Odalis teje la vida con los dedos de los pies

Escrito por  DE LA UNIDAD DE VICTIMAS
Odalis Morales Velásquez es una indígena zenú, de Córdoba, convencida de que la discapacidad es mental y no física. Nació sin brazos y elabora artículos en caña flecha con sus pies para sostener a su familia.

Cuando Odalis Morales Velásquez tenía 6 años recibió las primeras lecciones de su mamá y su abuela sobre el tejido en caña flecha: aprendió a hacer ribetes (bordes reforzados) para diversos artículos. Han pasado cerca de 40 años y ella ya es una experta que elabora sombreros vueltiaos, pulseras, bolsos, y mucho más.

A simple vista, su historia no parece novedosa pues en la cultura zenú del departamento de Córdoba es normal la transmisión de los saberes tradicionales de una generación a otra; solo que Odalis nació sin brazos y teje con los dedos de los pies.

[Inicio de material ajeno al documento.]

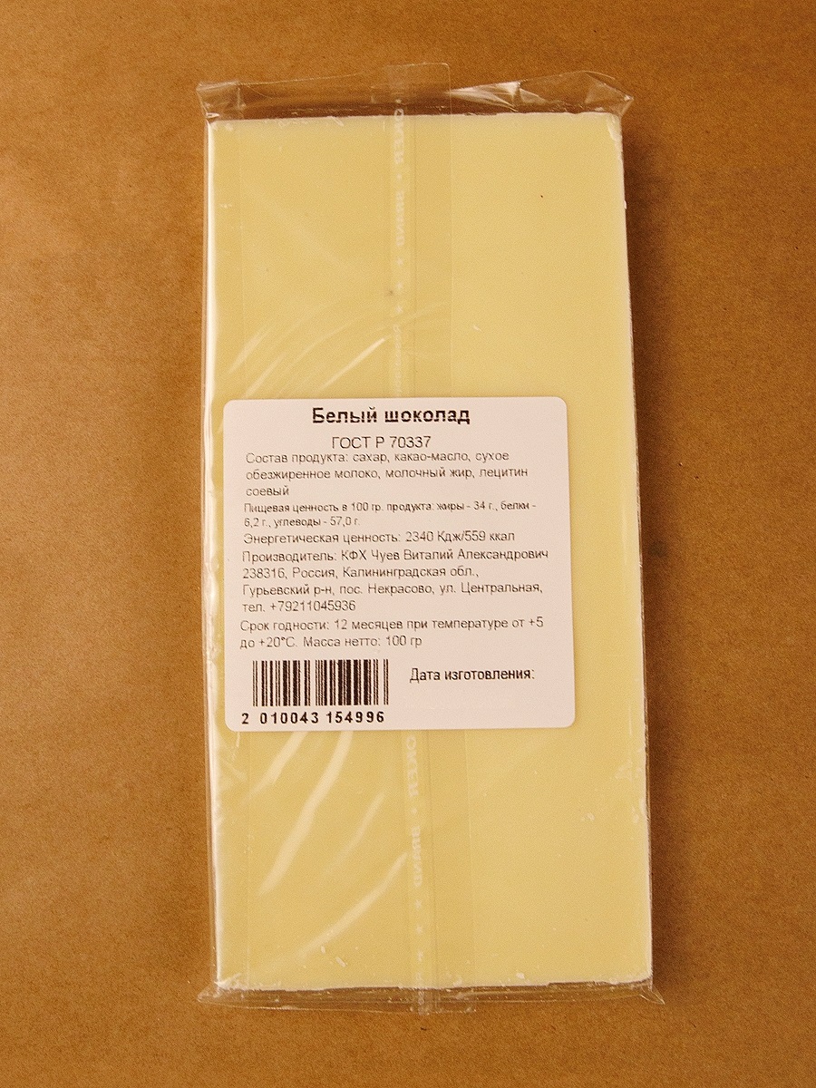 Белый шоколад (30% какао-масла).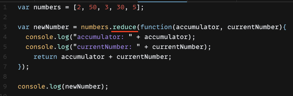 var newNumber = numbers.reduce(function(accumulator, currentNumber){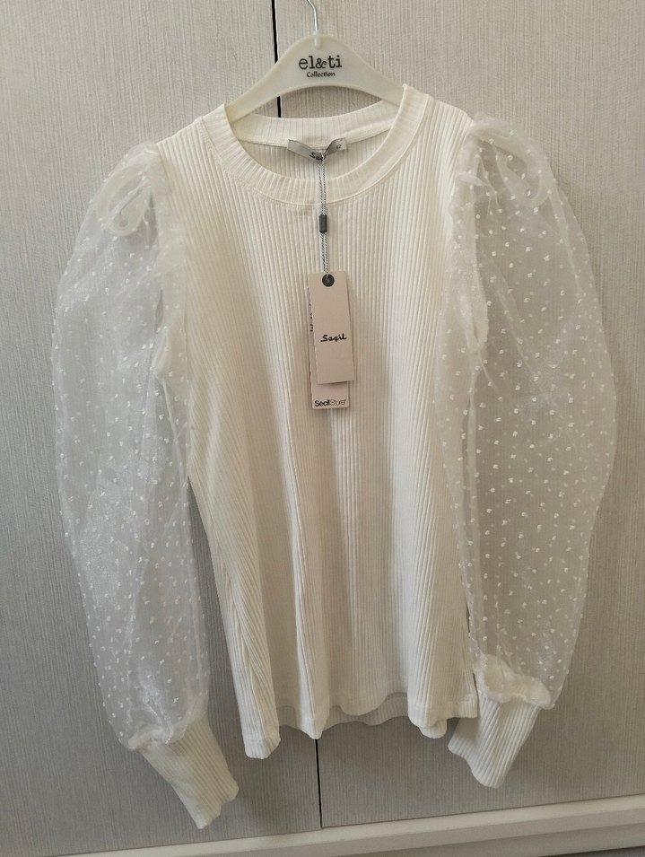Beyaz, tül detaylı uzun kollu kadın bluz, yuvarlak yaka ve pamuklu dokusuyla rahat bir kullanım sunar. Elati markasına ait.
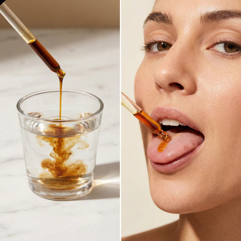 Diluer 1 à 2ml (l'équivalent d'une cuillère à café) dans un verre d'eau ou prenez directement sous la langue pour une absorption rapide.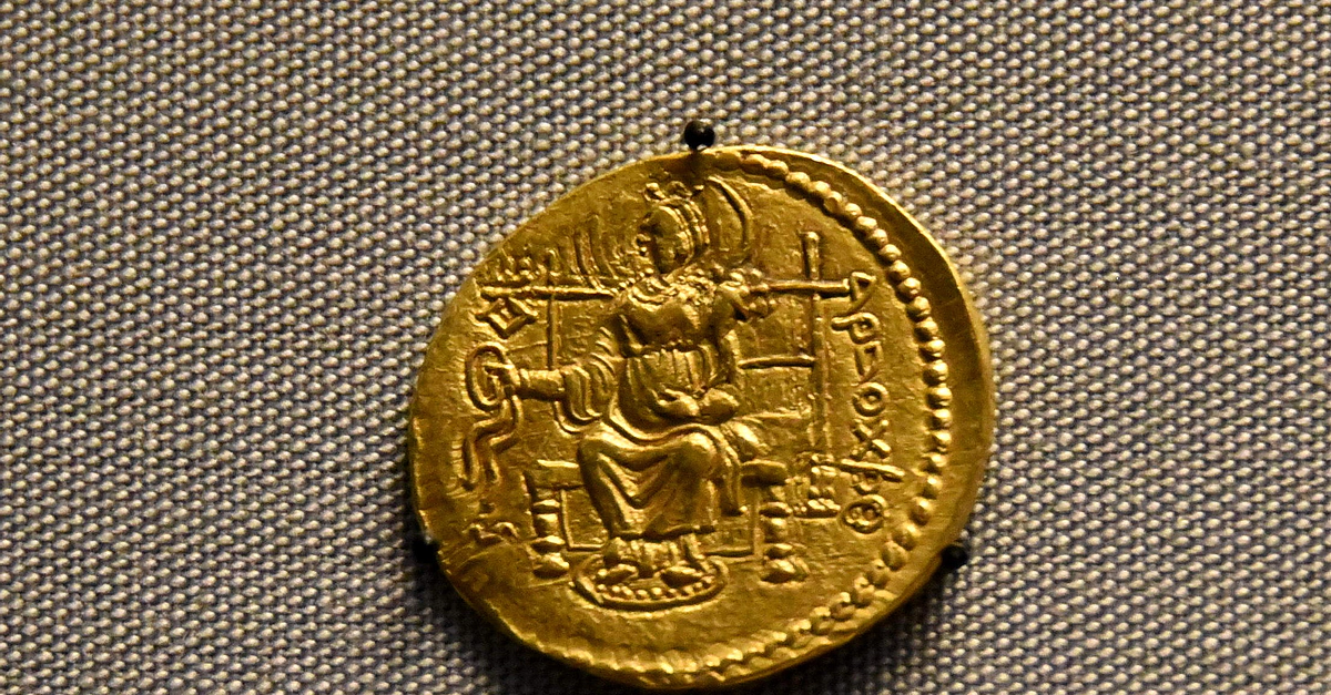 This Kushan coin depicts a goddess of prosperity seated on a throne; this goddess was known to the Kushans as Ardochsho. Almost all late Kushan coins used the design of a seated goddess, and the Kushan Emperors produced these coins in large numbers. Kushan Emperor, Ganghadra, modern-day Pakistan, circa 230-250 CE.

Entrelaza y cruza fibras de caña flecha de distinto grosor con sus pies. Entre los dedos gordo y  segundo pasa las hebras con un cuidado y una paciencia que impresiona y, poco a poco, evitando cortarse, le va dando forma al artículo que le hayan pedido.

Con la venta de esos productos y una fuerza interior que sobrepasa todo obstáculo, ha mantenido a su mamá y sacado adelante a sus dos hijos, hoy de 20 y 8 años.

Tuvo que irse hace 25 años del resguardo zenú ubicado en San Andrés de Sotavento, Córdoba, cuando un grupo de paramilitares, que disputaba el terreno con un grupo guerrillero, le quitó la vida a su padre, a su hermano mayor y les arrebató a ella y a su mamá la finca en la que vivían. “Quedamos en la calle”, cuenta.

Hace 11 años vive en Bogotá y se declara tranquila y feliz. Dice tener solo un sueño: “tener una vivienda digna, que el Estado me ayude con eso”.

Expuso y vendió sus productos en un stand de la Feria de Emprendimiento organizada por la Unidad para las Víctimas y la empresa privada Terpel en Bogotá, en desarrollo de una estrategia que se basa en alianzas público privadas, en beneficio de las víctimas del conflicto armado.

Sentada en una silla, ubica ambos pies sobre la mesa en la que organizó manillas, collares, aretes, anillos, billeteras... Con esa posición de trabajo, empieza a tejer un cinturón. “Me gano el pan de cada día con mis pies”, manifiesta sonriente.

Hoy, Odalis es una microempresaria que ha recibido pedidos hasta de cuatro millones de pesos y para cumplir esos compromisos, les da empleo a otros familiares. “Cuando era niña pensé que esto sería pasajero, jamás pensé que llegaría a grandes exposiciones”, afirma. Con sus productos, ha representado en diferentes exposiciones y ferias a la Unidad para las Víctimas.

Mientras se deja tomar fotos y responde preguntas, saluda a otras personas levantando un poco la pierna y moviendo de lado a lado el pie derecho varias veces; pocos minutos después hace una seña con el mismo miembro inferior para que la esperen un momento.

Lo suyo es tejer, pero no solo productos en caña flecha, en realidad ha tejido toda su vida con los dedos de sus pies. Por eso se lanza a decir, antes de atender a un nuevo cliente en la feria: “Y un mensaje para la juventud: que la discapacidad es mental, más no física”.